And yet, he and those gathered were all of the same blood. Kerim felt the same sort of loyalty toward Ishaq that he did toward his brothers and sisters of the asirim.
The internal struggle was tearing him in two.
Go to the desert, Çeda said to him. I’ll find you when we’re preparing to leave.
To her surprise, she felt not only assent, but relief. Ishaq’s will to see Kerim dead had ebbed; more importantly, his willingness to hurt Çeda in order to do it had weakened as well, giving Kerim the space he needed to obey.
As Leorah’s words faded, all eyes turned to Ishaq. If he was embarrassed at his own mother’s defense of the asirim, he didn’t show it.

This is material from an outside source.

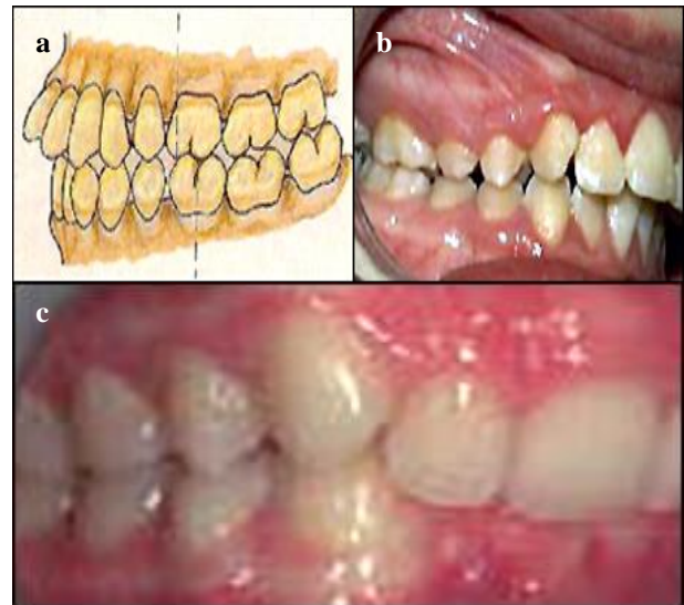
Figure 2: (a) Class II malocclusion, (b) class II division 1, and (c) class II division 2.

Occurs when the permanent first molars are in class II and the permanent maxillary central incisors are retruded (pulled backward toward the oral cavity) and tilting lingually.

He waved to those nearest. “Go. Unload the ships. Prepare the tents. We have much to do before others arrive.” Then he turned and walked away, toward the nearest of the ships beyond Leorah’s yacht. His men followed, leaving Çeda and Salsanna alone with Leorah.
Leorah followed Ishaq’s retreating form. “Come,” she said over her shoulder, “unless you wish to be left in the dark once again.”
Chapter 15
DAVUD STOOD ON the foredeck of a royal yacht, watching the setting sun throw shadows against the dunes. The desert ahead looked like the skin of a slumbering beast, a dragon waiting to rise and consume the world.
Beht Zha’ir, night of the asirim, had returned to the desert. Tulathan, a bright silver coin against a sky of autumn leaves, had already risen. Golden Rhia would soon follow. Somewhere ahead of the ship, a long, low moan came. It rose above the rainfall sound of the ship’s skis, but then was lost, as if the dunes had swallowed it. Another came a moment later, this one closer, and Davud’s skin prickled. Back near the pilot, Sukru’s man, Zahndr, leaned against the gunwales, arms crossed over his broad chest, his long, dark hair tied back into a tail. He looked not merely bored, but irritated at having been asked to accompany Sukru on this voyage. Amidships, Sukru himself stood crookedly, watching the way ahead with one hand on the mainmast to steady himself.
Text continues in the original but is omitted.